Essentially, it's more efficient to generate heat directly from a windmill, than first turning it into electricity.
That being said, porque no los dose. Efficient heat is great, but you don't always need it. If you only use the electric generator a few months a year, it may still be worth it, given you're investing in a windmill.
Given that a heat pump can be a lot more than 100% efficient, it's likely more efficient to generate electricity and then use a heat pump to heat the house.
The article has a long section on using the windmill to directly drive the compressor of a heat pump using a gearbox. This is likely to be more efficient than converting to electricity and then using that to run an electric compressor.
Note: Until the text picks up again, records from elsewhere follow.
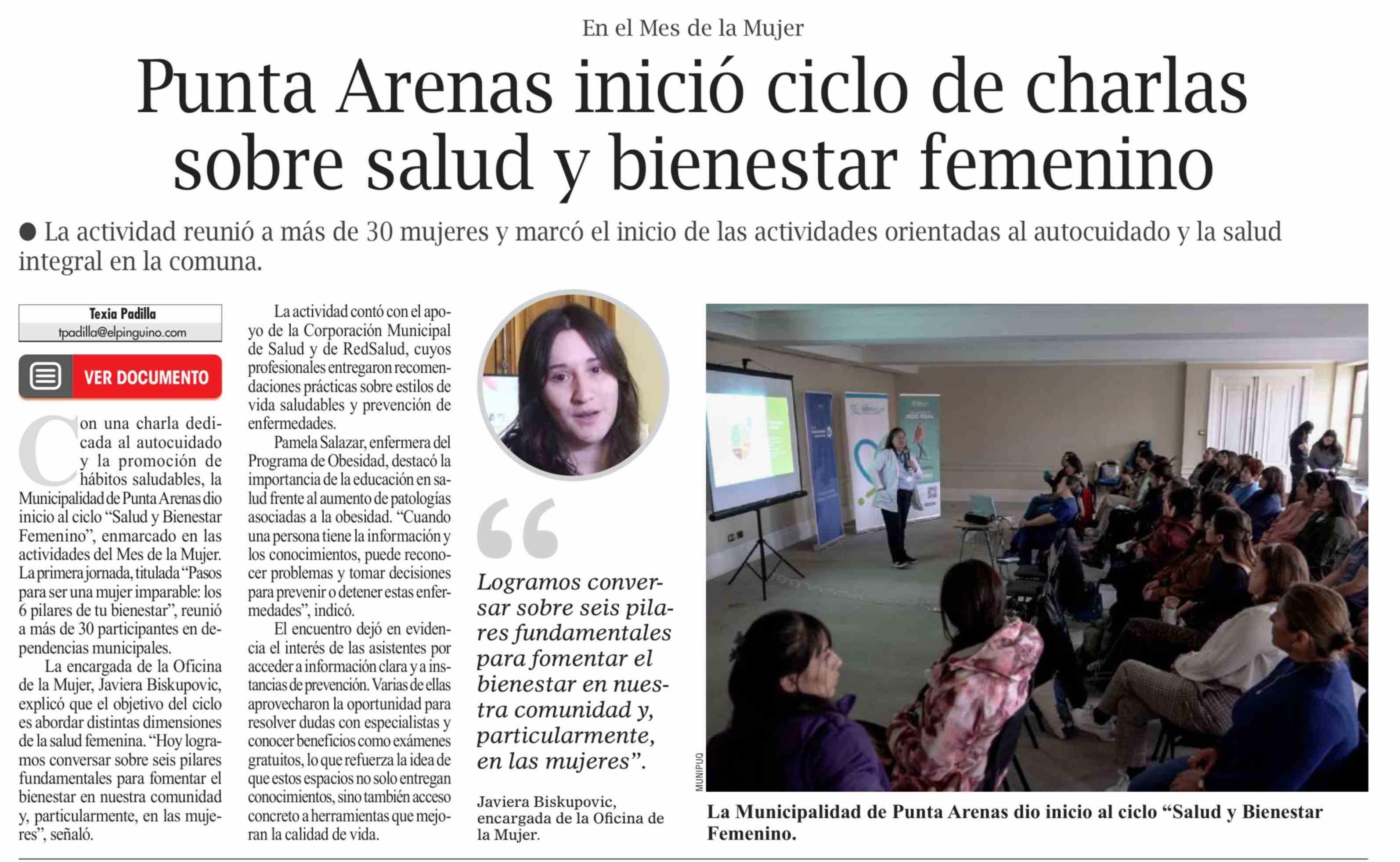 Título: Punta Arenas inició ciclo de charlas sobre salud y bienestar femenino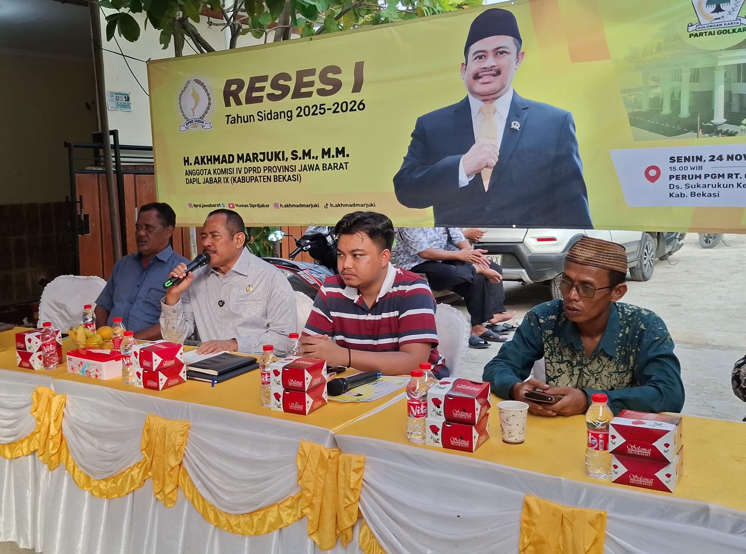 DETIKSR.id Bekasi — Dalam rangka menjalankan tugasnya sebagai wakil rakyat, Anggota DPRD Provinsi Jawa Barat Komisi IV Dapil Jabar IX Fraksi Partai Golkar, H. Akhmad Marjuki, SM.MM, menggelar kegiatan Reses I di Desa Sukarukun, Kecamatan Sukatani, Kabupaten Bekasi, pada Senin (24/11).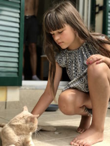 Stranden er en stenstrand, men hvad gør det, når man kan ligge på en ponton og springe i det klare vand eller kravle i skyggen under et smukt gammel træ, når varmen blir’ for meget? I det hele taget har vi en forkærlighed for ponton’er i vores familie. Skønt dybt vand at hoppe på hovedet i, og det klareste saltvand, gør det ud for det perfekte kompromis mellem pool og strand. Vi bor i dette område, så det er her vi ofte holder til, når ikke vi drager ud og udforsker øens små byer og strande.
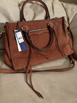 Rebecca Minkoff suede Regan brown almond leather purse bag satchel tote handbag new with tags$130Lynnwood, WA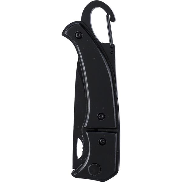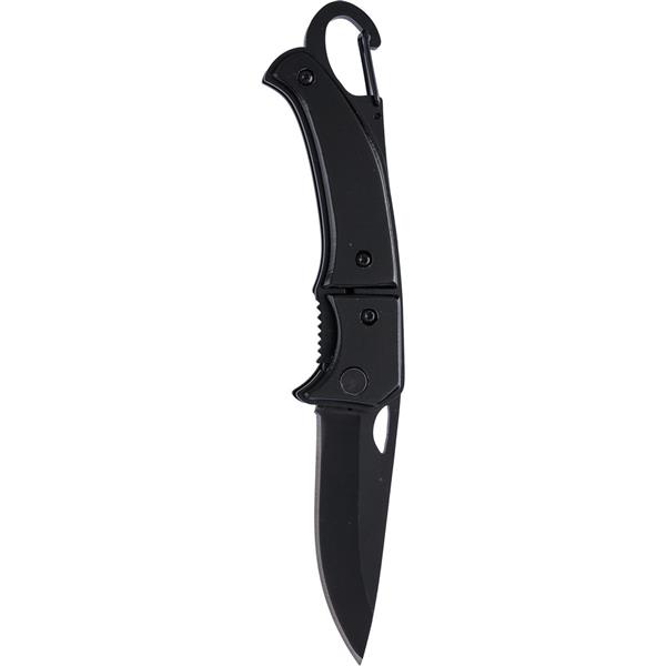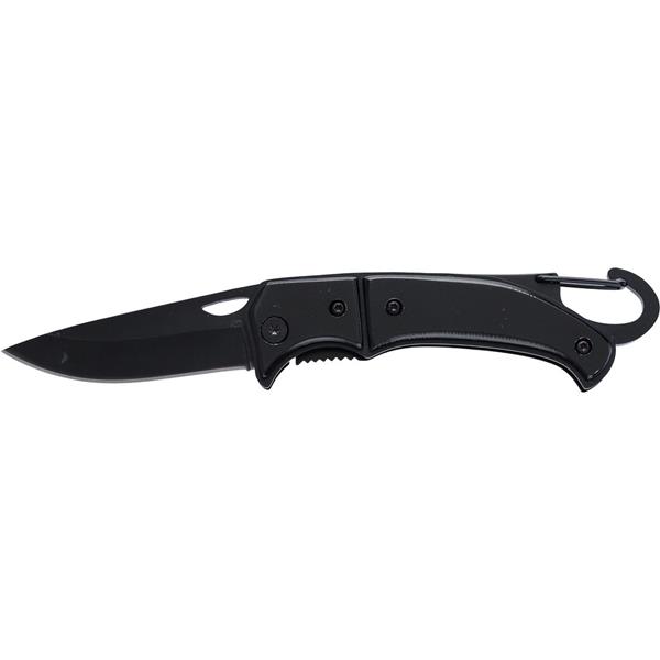 Nóż kieszonkowy z blokadą zabezpieczającą, z karabińczykiem w rękojeści umożliwiającym przypinanie, zapakowany w brązowy kartonik, produkt wykonany ze stali nierdzewnej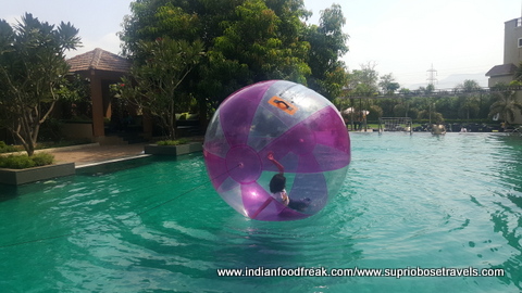 The chaos and cacophony of an outgoing offsite corporate group greeted us as we entered the hotel and it seemed as if too much was happening at the same time. There were jugglers juggling, mascots roaming around clicking pictures with kids, other kids on stuffed horses riding along, a guy on Segway moving about, welcome drinks being served, people playing foosball and table tennis, an MC making the outgoing group dance. The carnival like atmosphere in the lobby itself was a bit too much for the ageing old me to handle but worked well for the kids because before I could set my bag on the floor, I lost the two of them trailing Pinocchio and the Segway man, or somewhere between them two!

There's no reason you couldn't run the compressor of a heat pump mechanically. Then the question becomes is it more efficient to generate electricity to run a motor (or a linear compressor, I suppose), or use a gearbox to change the rotation speed. Plus or minus if you need mechanical air movement in the conditioned space.
Mechanical heat pumps are covered in the article. And for the child response to yours, mechanisms for sourcing heat for longer periods are also covered (e.g. 10k, 20k liter tanks of warm water, hydraulic oil vs water as primary heat transfer fluid)
Energy storage doesn't require going through electricity either; in fact, highest capacity storage systems are mechanical - flywheels, lifting heavy objects high, or pumping water up the hill.
True, but safety is a concern. Batteries are easiest for consumers to maintain safely. The failure modes of flywheels, lifting objects, or pumping water - when not properly maintained - are disastrous in ways that we mostly are not able to handle. Batteries start on fire, but we have fire codes and fire departments so your survival chances are reasonable. Batteries are also something that are available to consumers in a well engineered (well hopefully) package, while the others are a bit of a DIY hack. Electric implies you can connect to the grid and thus offload the whole concern to someone else for a small cost (this applies to the vast majority of us).
In the end you need to consider all the trades offs. Once you do though, electric starts to look good just because of how flexible it is, even if others beat it in any one area.
For a lot of folks in the Northern hemisphere, heating is the largest share of domestic electricity consumption. Same for offices. I would say there is great potential for this to reduce electricity consumption, plus the hot water can be stored without the loss at conversion that electricity has.
That being said, porque no los dose. Efficient heat is great, but you don't always need it. If you only use the electric generator a few months a year, it may still be worth it, given you're investing in a windmill.